Addendum: you'd probably need replacement install media period if the seller doesn't have the root password for the current install.

What I really need is a detailed explanation of why anyone would want to use a Sun workstation instead of some other system. I also need to know all the differences between Linux and UNIX. There's also the Silicon Graphics workstations which don't just do graphics, but some graphics I've found are nice raytaced 3D graphics which remind me of Amiga raytracing. I never got around to or never managed to do any raytracing on the Amiga, even with free software on a cover disk. I plan to try again soon. Unfortunately, in the Nekochan forum they mention using some nasty software which put me off doing graphics when I switched to Windoze and Linux. By this I mean Photoshop and GIMP with their nasty, business like, totally user unfriendly interfaces and ways of doing things. Paint Shop Pro and Microsoft Paint are also crap! If I had to use those on a Silicon Graphics workstation, then there wouldn't be any point. Apart from this, I'm totally against using software such as Photoshop which costs more than the price of a new computer. I don't know what the software Maya or Blender is like, though.
 

Offline AmigaBruno

Re: Does Linux have an Amiga feel?
« Reply #8 on: July 02, 2013, 09:25:40 AM »
Quote from: commodorejohn;739472
There is no real "why" to using an oldschool Unix workstation other than that you find the idea cool. As for software, I really have no idea; you'd have to ask on Nekochan. (But as for Photoshop's price tag, I imagine anything you'd be running on an old SGI would be, erm, "acquired secondhand.")

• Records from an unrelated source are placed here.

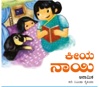
ಕಥಾದಿಂದ ಓಂದು 300ಎಂ ಥಿಂಕ್‌ಬುಕ್ ಥಿ
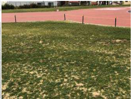
養生中芝生庭の立ち入り禁止杭
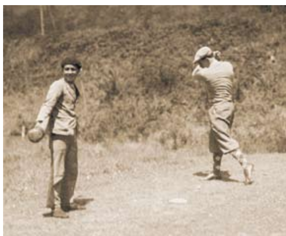
1926, Paulino Uzcudun, campeón de Europa en peso pesado y el caddie Jacinto Martín.
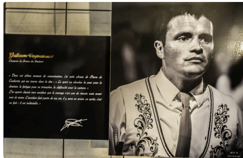
Guillaume Vergonzanne, champion de France des sauteurs 2011 et 2015
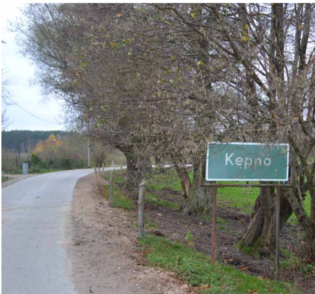
Droga Wrzeście – Kępno w momencie oddania do użytku była najdłuższą w Polsce wykonaną techniką betonu wałowanego.
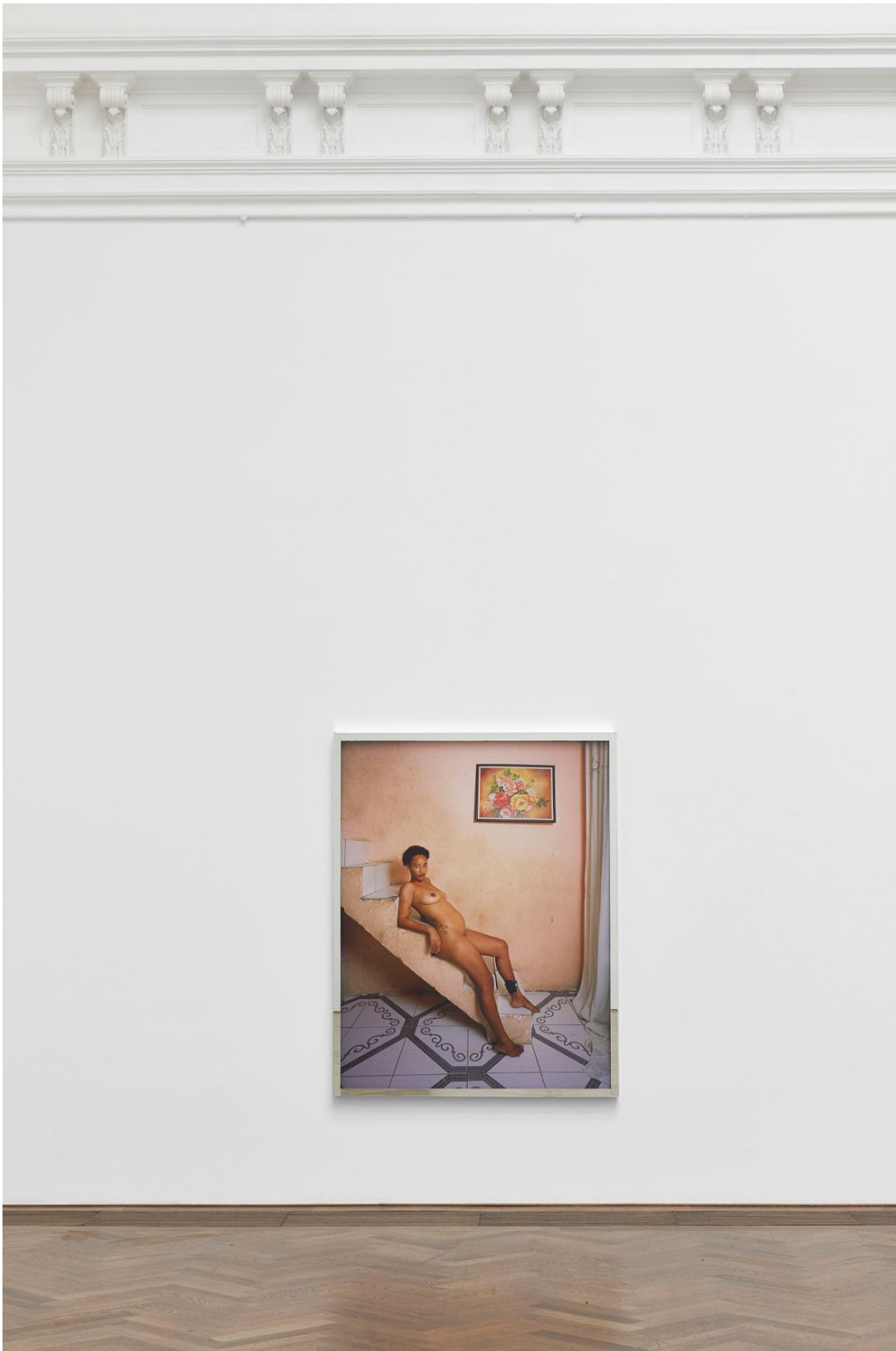
Deana Lawson, Installationsansicht, Centropy , Kunsthalle Basel, 2020, Blick auf Daenare , 2019. Deana Lawson, installation view, Centropy , Kunsthalle Basel, 2020, view on Daenare , 2019.

Pressebilder / Press Images Download-Link: kunsthallebasel.ch/presse/
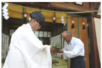
田井宮司より玉串を受け取る上田総代

の皆さんが出席し、拝殿で厳かに儀式が約1時間行われました。その中で、小学校の女子生徒による古式にのっとった「田舞」(田植えの様子現した舞)が奉納されました。古式豊かな舞に参拝に訪れた方々もじっと見入りました。続いて、「御斗代」神事では、地元の中学生や氏子
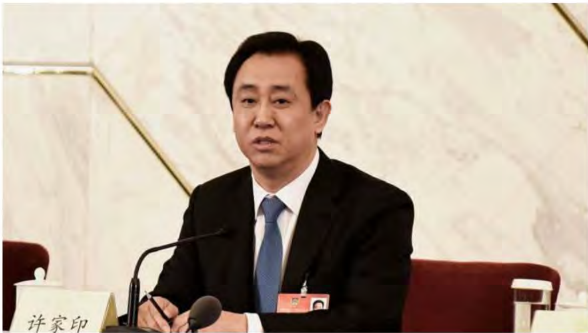
中國恆大集團董事局主席許家印。
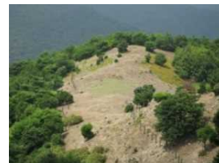
シカの食害により裸地化した森林（洲本市）

シカ・イノシシなどによる下層植生の衰退や農作物被害に加え、人里での出没が相次ぐツキノワグマやサルによる人身事故や生活被害が発生しており、野生動物の適切な個体数管理が必要
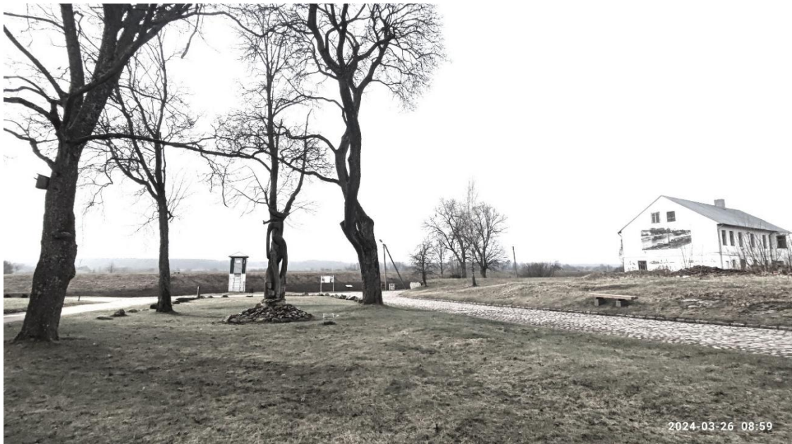
10 nuotr. Viešųjų renginių aikštelė tarp Krantinės, Uosto ir Stoties gatvių
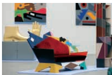
Führung, 19:30-23:30 Uhr, alle 60 Min. Dauer: 20 Min., max. 20 Besucher, Ausstellungssaal
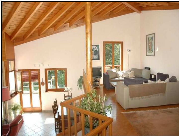
Zona soggiorno sopra / obere Wohnzone
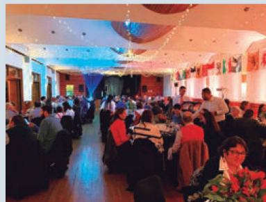
Salón Club Suizo de Santiago
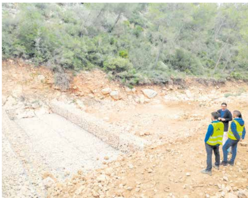
Estructura de protecció davant fenòmens meteorològics a La Llomaina.
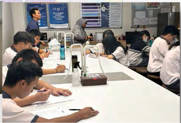
Pelajar mengisi Lembar Kuis pre test dan post test
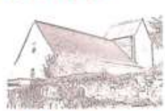
Mariä Himmelfahrt Nünschweiler
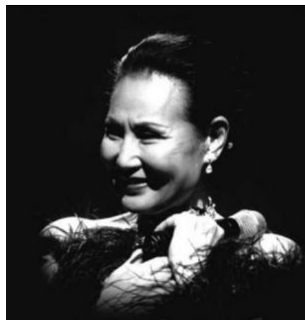
Ким Хе Чжа (Пэтти Ким)

Сегодня музыканты оттачивают свое мастерство в гаражах или же в зданиях типа СМ энт., раньше все начиналось с военных баз США. Оттуда берет свои истоки и корейский рок.

I only understand that I used to hear about these expensive Sun and Silicon graphics workstations and I wondered why anyone used them and what they did with them, but it was too expensive to find out. Now it's not too expensive to find out, but I don't know how old any of the hardware on eBay is because these systems aren't familiar to me. As for being "oldschool" I've recently seen videos of Sun and Silicon Graphics workstations with their nice, custom GUIs and they don't look old school to me. I don't know what the difference is between this and totally up to date Sun or Silicon Graphics workstations. Here's a video I watched yesterday. https://www.youtube.com/watch?v=NJ3eKYXk9EI
« Last Edit: July 02, 2013, 09:31:47 AM by AmigaBruno »
 

Offline AmigaBruno

Re: Does Linux have an Amiga feel?
« Reply #9 on: July 03, 2013, 03:00:01 AM »
Quote from: polyp2000;739572
if you have a spare PC floating around or one that you are willing to partition- you could always try OpenSolaris  http://www.oracle.com/technetwork/server-storage/solaris11/downloads/index.html
and avoid having to purchase the hardware in the first place.

N


Great! I'd never heard of OpenSolaris before. I've got a laptop with a 320Gb hard drive and a desktop PC with an 80Gb hard drive, but could fit another hard drive to it. I hope I can install Opensolaris on one of them.
 

Offline AmigaBruno

Re: Does Linux have an Amiga feel?
« Reply #10 on: July 03, 2013, 03:02:43 AM »
Quote from: nicholas;739620
Rather than buy some old outdated Sun workstation you could try the Solaris fork Open Indiana on any old PC or VM.

http://openindiana.org


Thanks a lot for this! I didn't know that Sun had closed and this has saved me lots of money now. I can also stop looking for Sun workstations on eBay.